__AVAILABLE DATA__
=== Section Start ===

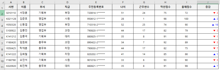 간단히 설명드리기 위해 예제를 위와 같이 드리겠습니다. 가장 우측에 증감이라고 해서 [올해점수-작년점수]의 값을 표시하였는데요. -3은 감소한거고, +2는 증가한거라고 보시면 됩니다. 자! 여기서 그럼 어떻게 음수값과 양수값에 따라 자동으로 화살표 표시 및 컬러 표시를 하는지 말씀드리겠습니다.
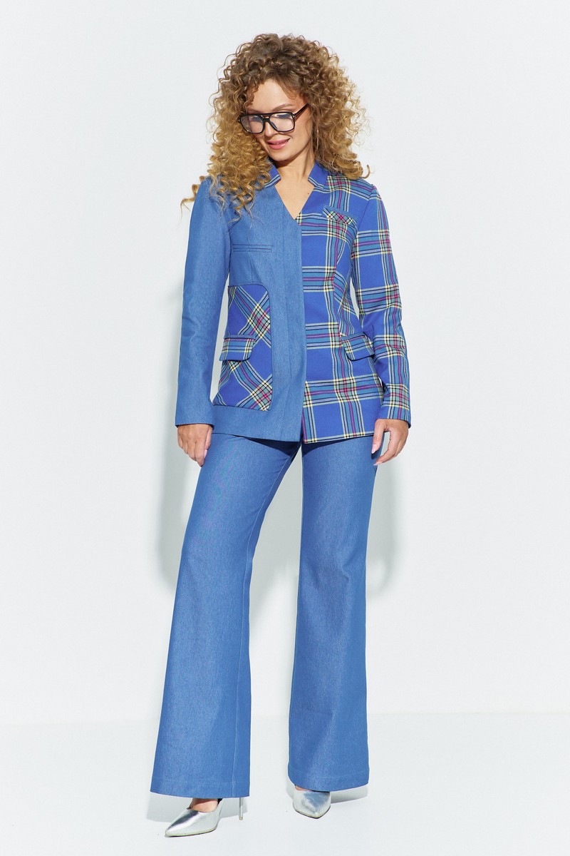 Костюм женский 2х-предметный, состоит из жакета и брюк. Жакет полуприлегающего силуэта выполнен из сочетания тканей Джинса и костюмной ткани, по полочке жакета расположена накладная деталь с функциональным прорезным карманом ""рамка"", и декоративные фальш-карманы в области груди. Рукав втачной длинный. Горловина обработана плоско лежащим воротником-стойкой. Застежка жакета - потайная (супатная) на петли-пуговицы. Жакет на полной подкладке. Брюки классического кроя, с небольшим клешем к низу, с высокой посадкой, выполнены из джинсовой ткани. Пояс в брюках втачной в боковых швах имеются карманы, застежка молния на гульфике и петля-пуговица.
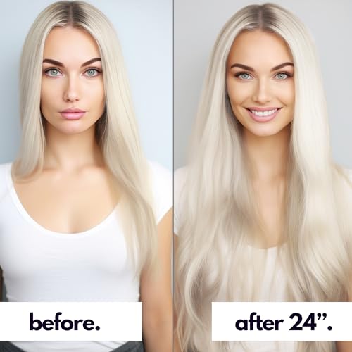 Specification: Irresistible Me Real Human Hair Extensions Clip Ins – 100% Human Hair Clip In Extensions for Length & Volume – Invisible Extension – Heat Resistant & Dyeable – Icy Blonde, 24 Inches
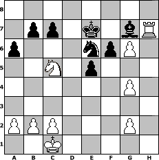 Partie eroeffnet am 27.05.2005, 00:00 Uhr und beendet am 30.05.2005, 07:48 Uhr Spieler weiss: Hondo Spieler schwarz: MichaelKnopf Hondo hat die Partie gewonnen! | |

=== Section End ===

__ACTION ITEM__
Give back the material above word for word; no picture belongs in it.

__PROBLEM SOLUTION__
 간단히 설명드리기 위해 예제를 위와 같이 드리겠습니다. 가장 우측에 증감이라고 해서 [올해점수-작년점수]의 값을 표시하였는데요. -3은 감소한거고, +2는 증가한거라고 보시면 됩니다. 자! 여기서 그럼 어떻게 음수값과 양수값에 따라 자동으로 화살표 표시 및 컬러 표시를 하는지 말씀드리겠습니다.
 Костюм женский 2х-предметный, состоит из жакета и брюк. Жакет полуприлегающего силуэта выполнен из сочетания тканей Джинса и костюмной ткани, по полочке жакета расположена накладная деталь с функциональным прорезным карманом ""рамка"", и декоративные фальш-карманы в области груди. Рукав втачной длинный. Горловина обработана плоско лежащим воротником-стойкой. Застежка жакета - потайная (супатная) на петли-пуговицы. Жакет на полной подкладке. Брюки классического кроя, с небольшим клешем к низу, с высокой посадкой, выполнены из джинсовой ткани. Пояс в брюках втачной в боковых швах имеются карманы, застежка молния на гульфике и петля-пуговица.
 Specification: Irresistible Me Real Human Hair Extensions Clip Ins – 100% Human Hair Clip In Extensions for Length & Volume – Invisible Extension – Heat Resistant & Dyeable – Icy Blonde, 24 Inches
 Partie eroeffnet am 27.05.2005, 00:00 Uhr und beendet am 30.05.2005, 07:48 Uhr Spieler weiss: Hondo Spieler schwarz: MichaelKnopf Hondo hat die Partie gewonnen! | |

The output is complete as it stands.